Impact for SARS-CoV2/COVID19 research efforts

Understand the immune response to SARS-CoV-2/COVID19

Understand the virology and/or cell biology of SARS-CoV-2/COVID19

Study Type

· In vitro study

pHAE cells cultured so to create a polarised, pseudostratified epithelial layer were infected with SARS-Cov-2

Strengths and limitations of the paper

Novelty: The use of an in vitro lung epithelial tissue model. Showing the induction of cytokines and location of viral release in this model. Discovery that pHAE cells do not produce type I or III IFN in response to SARS-CoV-2 infection.

Standing in the field: SARS-CoV is known to antagonise interferon induction. Whether the same holds true for SARS-CoV-2 is under intense investigation, and this manuscript makes an important contribution to these efforts.

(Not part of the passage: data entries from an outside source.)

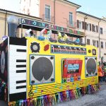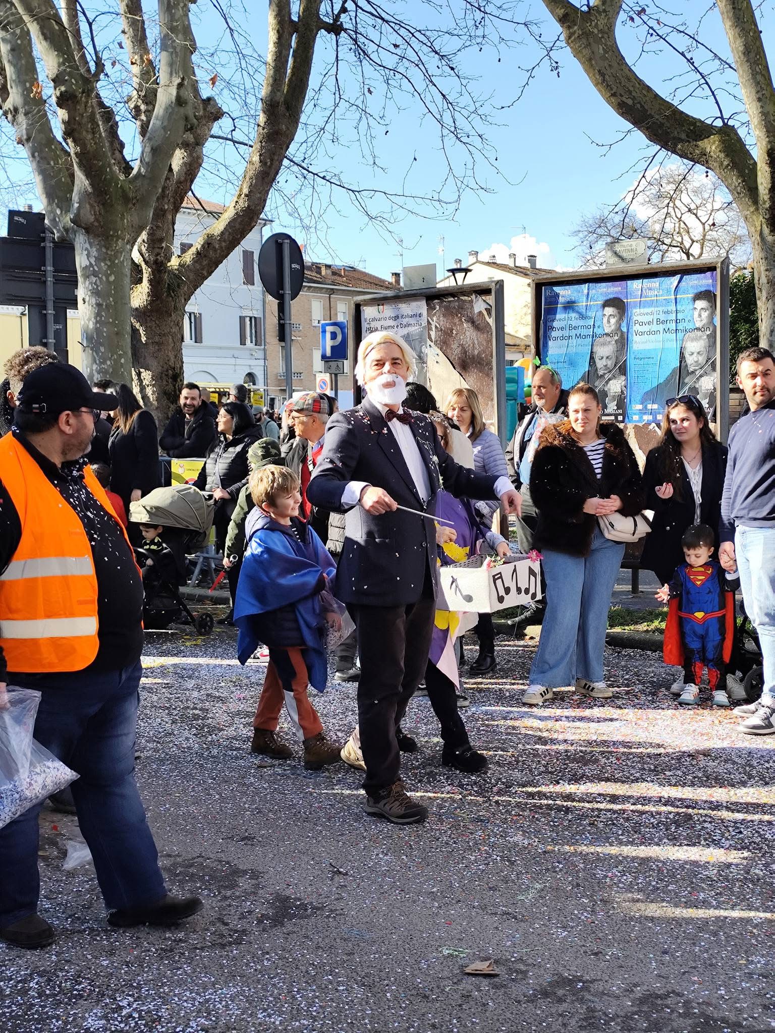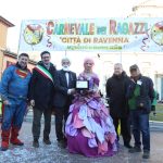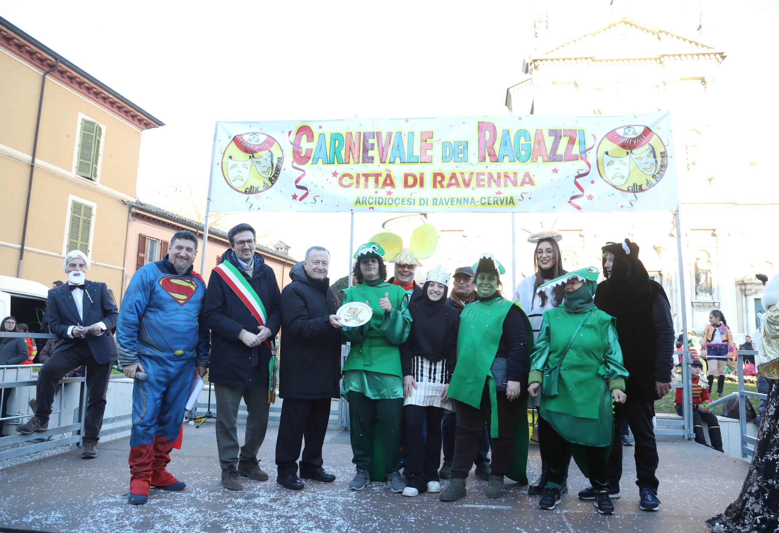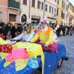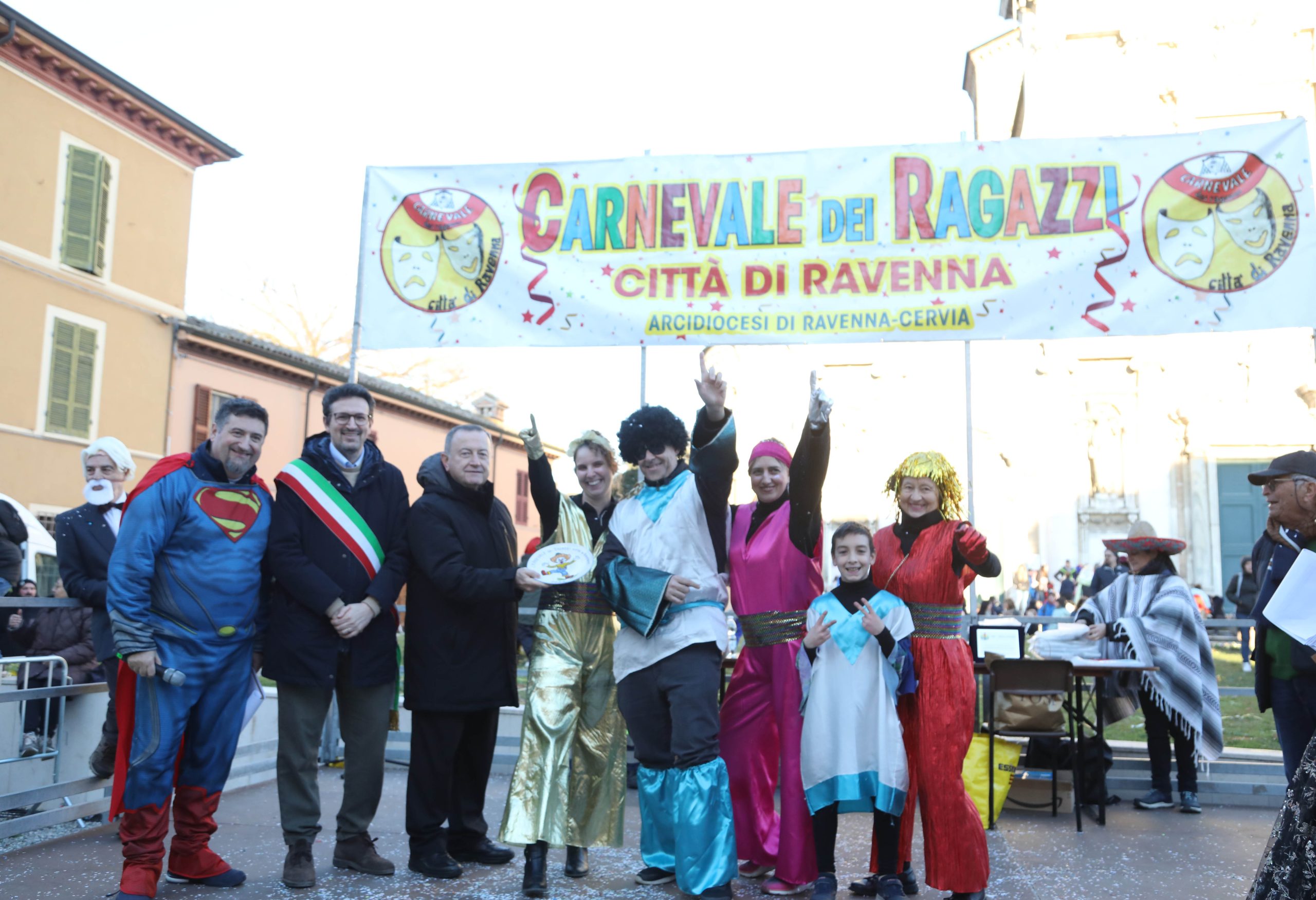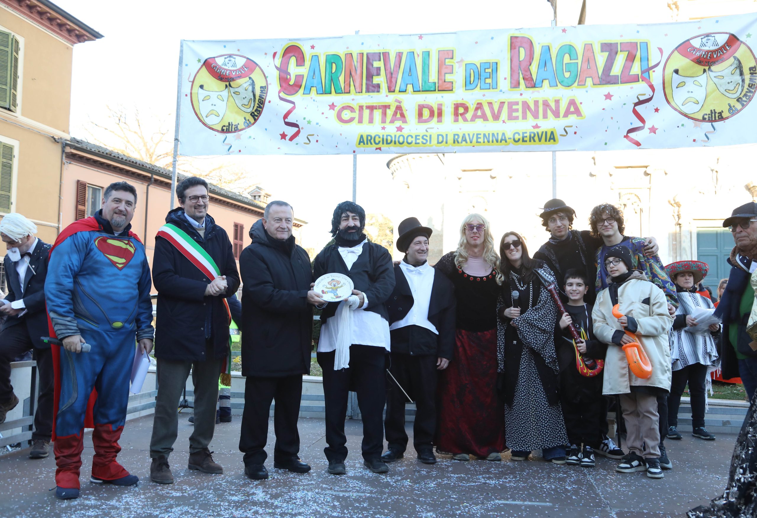15-02-2026-; ravenna via di roma sfilata carri di carnevale città di ravenna , parrocchie , vestiti , carri mascherati , diocesi - carnevale, vincitori parrocchia e caro di porto fuori , premio migliore maschera carlino roberta terragrossa di marina di ravenna , con vestito fata confetto
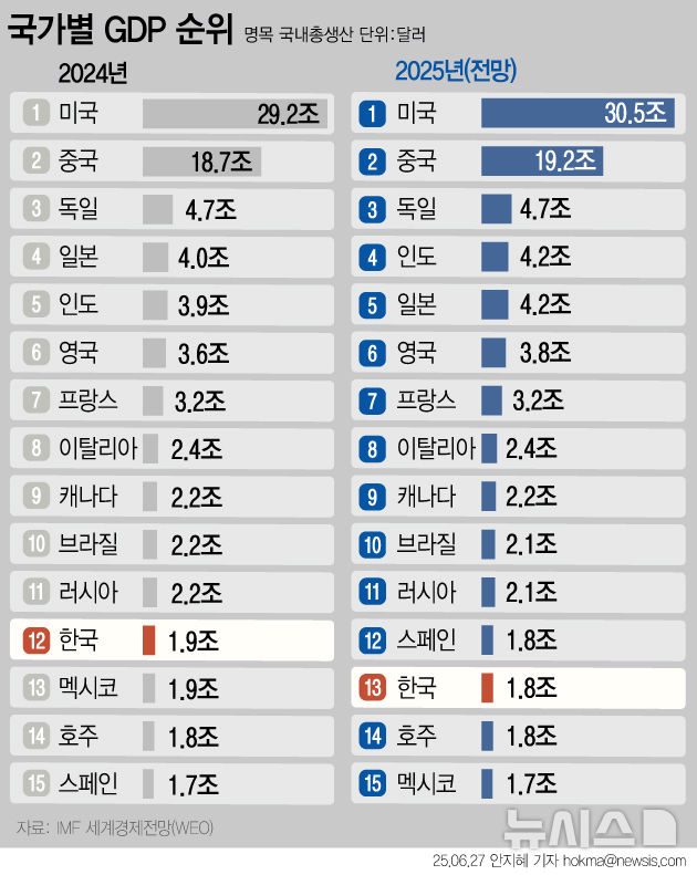 [그래픽] 한국 GDP 세계 12→13위 하락 전망
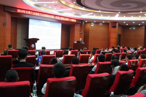 10月16日上午,由江西省科协主办,九江学院、江西省科协“清洁能源”学会联合体、中国石化九江分公司承办的2016年全国大众创业万众创新活动周九江站活动在我校举行,中国工程院院士、清华大学金涌教授在逸夫图书馆报告厅为化环学院师生做了一堂题为“美丽化工——创新驱动的化学工程科学与技术”的专题讲座。副校长陶春元与师生们一起聆听了讲座,中国化工学会副秘书长崔胜利、省科协学会部部长万程东、主任科员王涵、省化学化工学会副理事长徐刚、省石油学会副秘书长袁健、九江市科协副主席黄建华及化环学院党政领导出席讲座,中国化工报等媒体全程进行报道,讲座由化环学院院长严平主持。
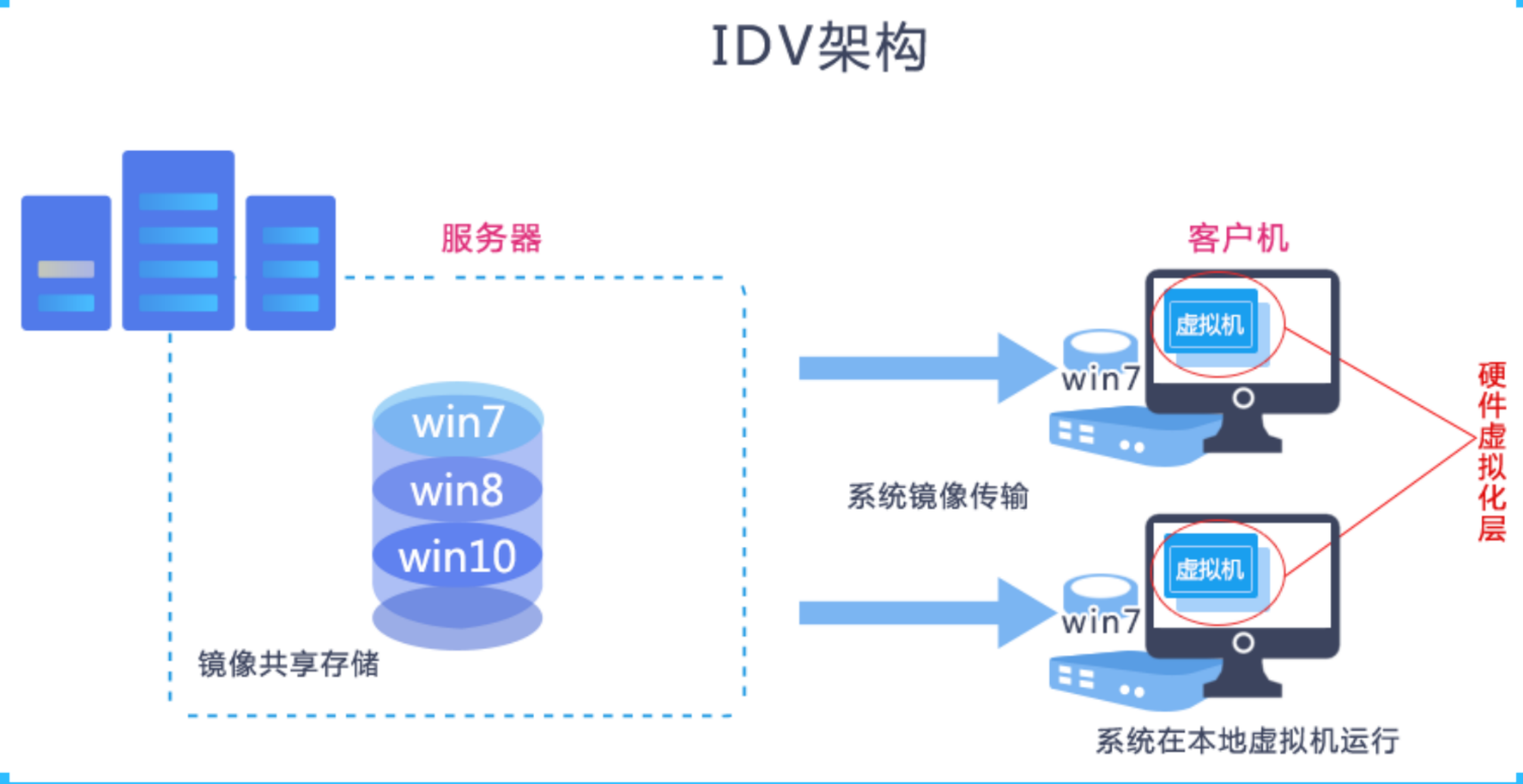针对VDI的先天缺陷,Intel提出了IDV概念----智能桌面虚拟化,采用集中存储、分布运算的构架。IDV的数据存储集中在后端,镜像存储在本地,配置并下发到终端机器硬盘上,终端通过虚拟机运行桌面,因此离线是可用的。IDV 不再对网络过度依赖,无需大量的图像传输,支持系统离线运行,同样可以统一管理终端桌面系统。
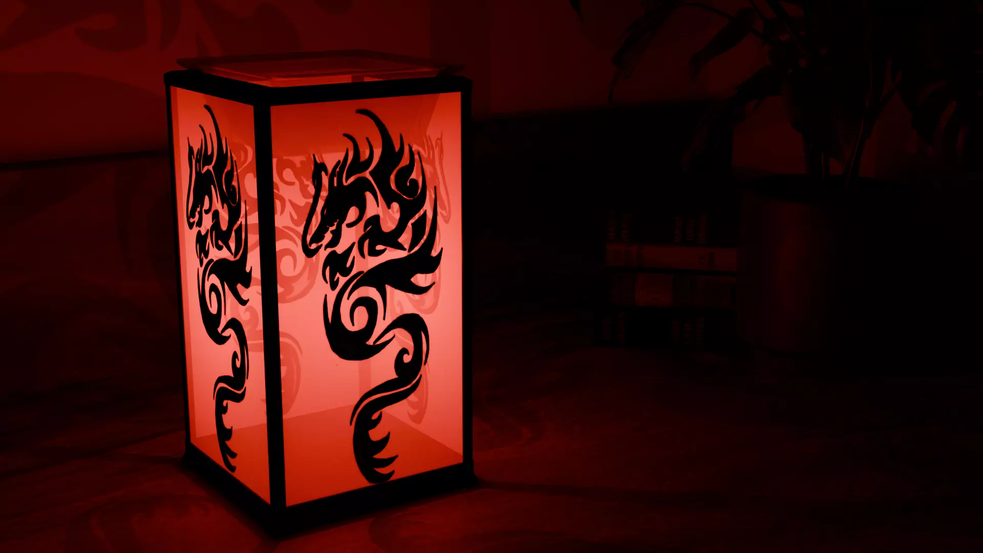 A dragon-themed wax warmer with a distinctive black metal frame and four semi-transparent milk glass shades featuring detailed dragon motifs. At the center, a red light source glows through the frosted glass, casting a warm, fiery ambiance in low light. The combination of dark metal and soft illuminated glass gives the piece a dramatic, mystical presence suited for fantasy or gothic-inspired interiors. The model is built with clean topology and realistic materials, including subtle translucency on the glass to simulate light passing through. Perfect for interior renders, fantasy scenes, or decorative asset collections.

Appropriate statistics: Yes

Viral model used: SARS-CoV-2 strain, nCoV2019/WA

Translatability: low, but data set argues in favour of exploring interferon-based therapies.

Main limitations:

1. No positive viral infection control to show that pHAE cells are in fact capable of producing type I and III IFNs in other viral infections

2. There are no data yet to show that the production of type I/III IFNs from epithelial cells is important in COVID-19. The model used in the study does not include immune cells (e.g. alveolar macrophage or pDCs) that are known producers of type I IFN. In vivo these cells might compensate for and/or activate pHAE cells.

3. Minimal evidence of directionality of viral release (e.g. would be great to have cryo-EM figure showing release of virions for single surface).

4. No testing at protein level to look at up and down regulation of NF-κB induced cytokines.

5. No mechanism proposed for the inhibition of type I/III IFN in pHAE cells.